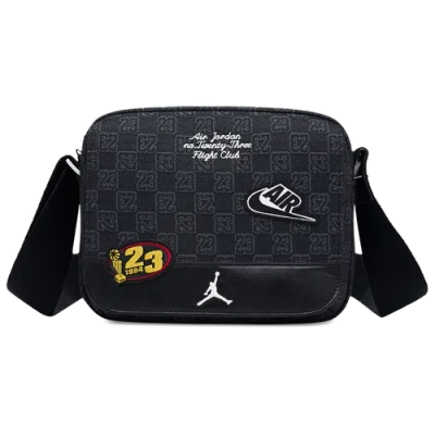 Carry your stuff like a baller with this fashionable messenger, constructed in a convenient smaller size you can take almost anywhere. It's made of durable fabric finished with an allover woven monogram pattern and has a zippered main compartment to help secure your belongings. The front flap features patch detailing a faux leather panel as well as hidden magnetized closures for a more personalized look. Benefits:The main compartment has an inner slip pocket to hold your cards and other smaller items you want easy access to. The strap is adjustable for comfortable wear. [] Product Details:7\H x 9\L x 3.5\D. Strap Length:60\ (longest), 30\ (shortest). Main Body:100% polyurethane. Lining:100% polyester. Spot Clean. Imported. Style: MA9156; Color: Black; Size: One Size; Gender: Male; Age Group: Adult | Jordan Monogram Messenger Bag (3.6L) in Black, Size: One Size | MA9156-023
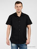 Повседневная рубашка прямого кроя. Выполнена из приятного на ощупь хб материала. Отложной воротник-стойка. Короткие рукава. Спереди застежка на пуговицы. Спинка украшена оригинальным принтом из страз.
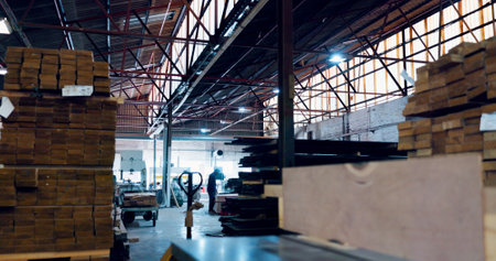 Logistics, empty and stack of wood, warehouse or material for furniture, supply chain or business. Production, shipping and collection of cargo in factory, export or goods for distribution or storage
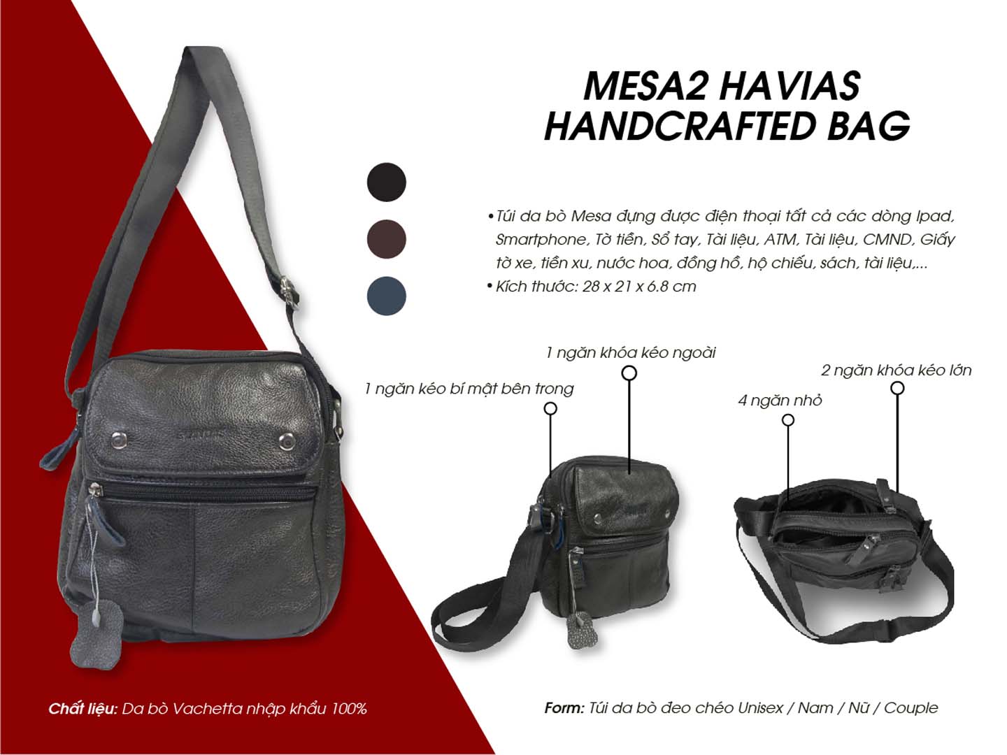 Túi đeo chéo da bò Mesa2 HAVIAS - Một chiếu túi với thiết kế đơn giản, tinh tế và không kém phần sang trọng. Bạn có thể đựng được tất cả những vật dụng cần thiết của bạn trong các chuyến hành trình. Với chất liệu là Da bò Vachetta làm cho chiếc túi mang dáng vẻ thanh lịch và thời trang dành cho những ai sở hữu nó.
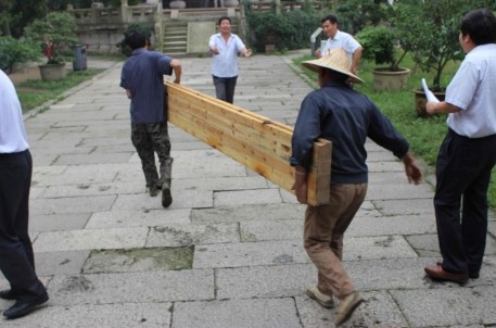 蘭亭地處低洼,每年夏秋兩季受暴雨臺(tái)風(fēng)等惡劣天氣影響,景區(qū)都會(huì)遭受不同程度的洪水侵襲,抗洪防澇工作任務(wù)非常重。為了提高實(shí)際防抗能力,確保我景區(qū)在特殊情況下能在最短時(shí)間內(nèi)充分發(fā)揮安全保障機(jī)制作用,實(shí)現(xiàn)快速、高效、有序地?fù)岆U(xiǎn)救援工作,本次演練以持續(xù)暴雨蘭亭突發(fā)水患為背景,景區(qū)先后按三級(jí)、二級(jí)、一級(jí)三個(gè)等級(jí)的汛情啟動(dòng)相應(yīng)等級(jí)的防澇預(yù)案。隨著防汛等級(jí)的提升,每位員工都要展開不同程度的現(xiàn)場模擬救援行動(dòng)。在景區(qū)領(lǐng)導(dǎo)的指揮下,由相應(yīng)部室和員工組成的搶險(xiǎn)救災(zāi)組、后勤保障組、游客安全組按信息報(bào)告、安全疏散、財(cái)物轉(zhuǎn)移、人員搶救、現(xiàn)場抗洪等步驟有序開展了演練,并設(shè)計(jì)了疏散人員、營救被困游客等情景模擬環(huán)節(jié),吸引了不少游客駐足觀摩。
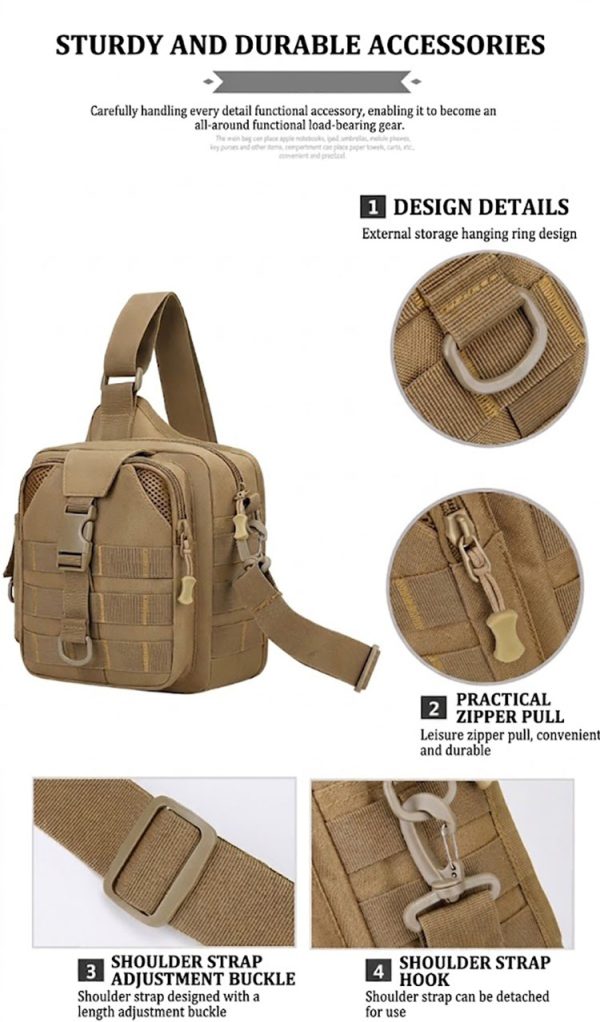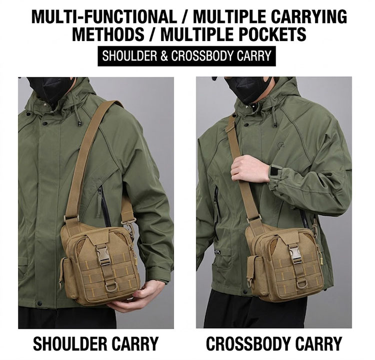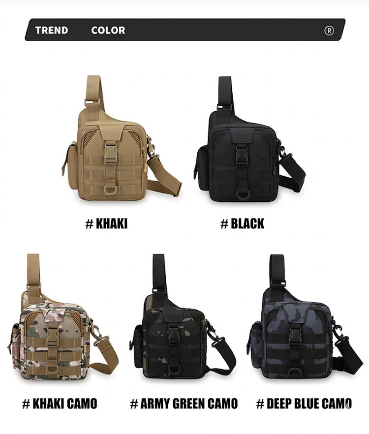 BG30 is a lightweight camouflage crossbody shoulder bag designed for outdoor leisure, cycling, commuting, and everyday carry. With its slim profile, multi-pocket layout, and sporty tactical-inspired styling, it offers practical storage in a compact format that is easy to wear throughout the day.
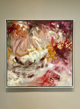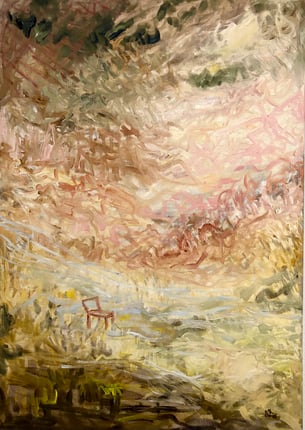 I use broad, sweeping brushstrokes alongside intricate markings to create dynamism and rhythm. Simple, graphic forms often emerge—symbolic elements that act as visual keys or focal points within the composition. These may appear spontaneously or recur throughout my work, such as a red chair, a white curve, or a structure that disrupts the more organic forms.
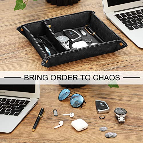 SITHON Vassoio Portaoggetti in PU Pelle con 2 scomparti removibili, Contenitore Svuotatasche Organizzatore da Comodino Scrivania per Gioielli, Telecomando, Chiavi, Telefono, (Nero)
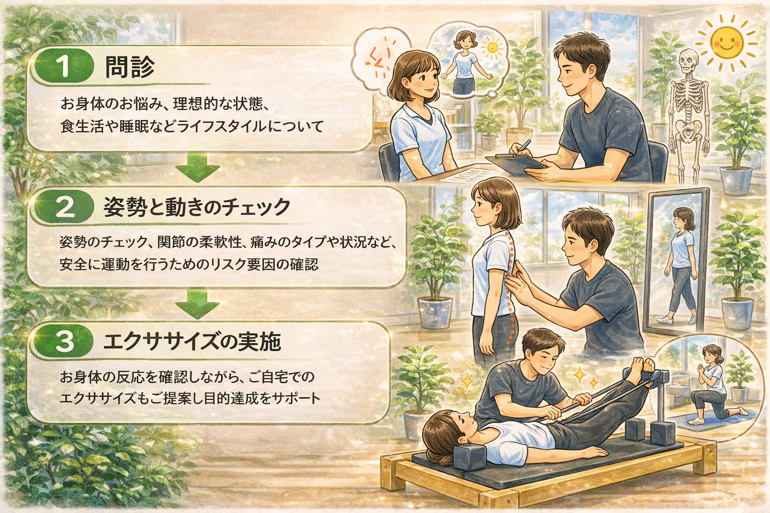 ホコルルの初回レッスンではお身体の状態を『問診(ライフスタイル、食事、睡眠について)』、『姿勢・動きのチェック』、『エクササイズの実施』の段階に分けてお客様にとっての最善な姿勢改善をご提案させていただきます。

########################################

What you will do:
Would you please copy the material exactly, leaving all the pictures out?

Answer for this exercise:
 Carry your stuff like a baller with this fashionable messenger, constructed in a convenient smaller size you can take almost anywhere. It's made of durable fabric finished with an allover woven monogram pattern and has a zippered main compartment to help secure your belongings. The front flap features patch detailing a faux leather panel as well as hidden magnetized closures for a more personalized look. Benefits:The main compartment has an inner slip pocket to hold your cards and other smaller items you want easy access to. The strap is adjustable for comfortable wear. [] Product Details:7\H x 9\L x 3.5\D. Strap Length:60\ (longest), 30\ (shortest). Main Body:100% polyurethane. Lining:100% polyester. Spot Clean. Imported. Style: MA9156; Color: Black; Size: One Size; Gender: Male; Age Group: Adult | Jordan Monogram Messenger Bag (3.6L) in Black, Size: One Size | MA9156-023
 Повседневная рубашка прямого кроя. Выполнена из приятного на ощупь хб материала. Отложной воротник-стойка. Короткие рукава. Спереди застежка на пуговицы. Спинка украшена оригинальным принтом из страз.
 Logistics, empty and stack of wood, warehouse or material for furniture, supply chain or business. Production, shipping and collection of cargo in factory, export or goods for distribution or storage
 Túi đeo chéo da bò Mesa2 HAVIAS - Một chiếu túi với thiết kế đơn giản, tinh tế và không kém phần sang trọng. Bạn có thể đựng được tất cả những vật dụng cần thiết của bạn trong các chuyến hành trình. Với chất liệu là Da bò Vachetta làm cho chiếc túi mang dáng vẻ thanh lịch và thời trang dành cho những ai sở hữu nó.
 蘭亭地處低洼,每年夏秋兩季受暴雨臺(tái)風(fēng)等惡劣天氣影響,景區(qū)都會(huì)遭受不同程度的洪水侵襲,抗洪防澇工作任務(wù)非常重。為了提高實(shí)際防抗能力,確保我景區(qū)在特殊情況下能在最短時(shí)間內(nèi)充分發(fā)揮安全保障機(jī)制作用,實(shí)現(xiàn)快速、高效、有序地?fù)岆U(xiǎn)救援工作,本次演練以持續(xù)暴雨蘭亭突發(fā)水患為背景,景區(qū)先后按三級(jí)、二級(jí)、一級(jí)三個(gè)等級(jí)的汛情啟動(dòng)相應(yīng)等級(jí)的防澇預(yù)案。隨著防汛等級(jí)的提升,每位員工都要展開不同程度的現(xiàn)場模擬救援行動(dòng)。在景區(qū)領(lǐng)導(dǎo)的指揮下,由相應(yīng)部室和員工組成的搶險(xiǎn)救災(zāi)組、后勤保障組、游客安全組按信息報(bào)告、安全疏散、財(cái)物轉(zhuǎn)移、人員搶救、現(xiàn)場抗洪等步驟有序開展了演練,并設(shè)計(jì)了疏散人員、營救被困游客等情景模擬環(huán)節(jié),吸引了不少游客駐足觀摩。
 BG30 is a lightweight camouflage crossbody shoulder bag designed for outdoor leisure, cycling, commuting, and everyday carry. With its slim profile, multi-pocket layout, and sporty tactical-inspired styling, it offers practical storage in a compact format that is easy to wear throughout the day.
 I use broad, sweeping brushstrokes alongside intricate markings to create dynamism and rhythm. Simple, graphic forms often emerge—symbolic elements that act as visual keys or focal points within the composition. These may appear spontaneously or recur throughout my work, such as a red chair, a white curve, or a structure that disrupts the more organic forms.
 SITHON Vassoio Portaoggetti in PU Pelle con 2 scomparti removibili, Contenitore Svuotatasche Organizzatore da Comodino Scrivania per Gioielli, Telecomando, Chiavi, Telefono, (Nero)
 ホコルルの初回レッスンではお身体の状態を『問診(ライフスタイル、食事、睡眠について)』、『姿勢・動きのチェック』、『エクササイズの実施』の段階に分けてお客様にとっての最善な姿勢改善をご提案させていただきます。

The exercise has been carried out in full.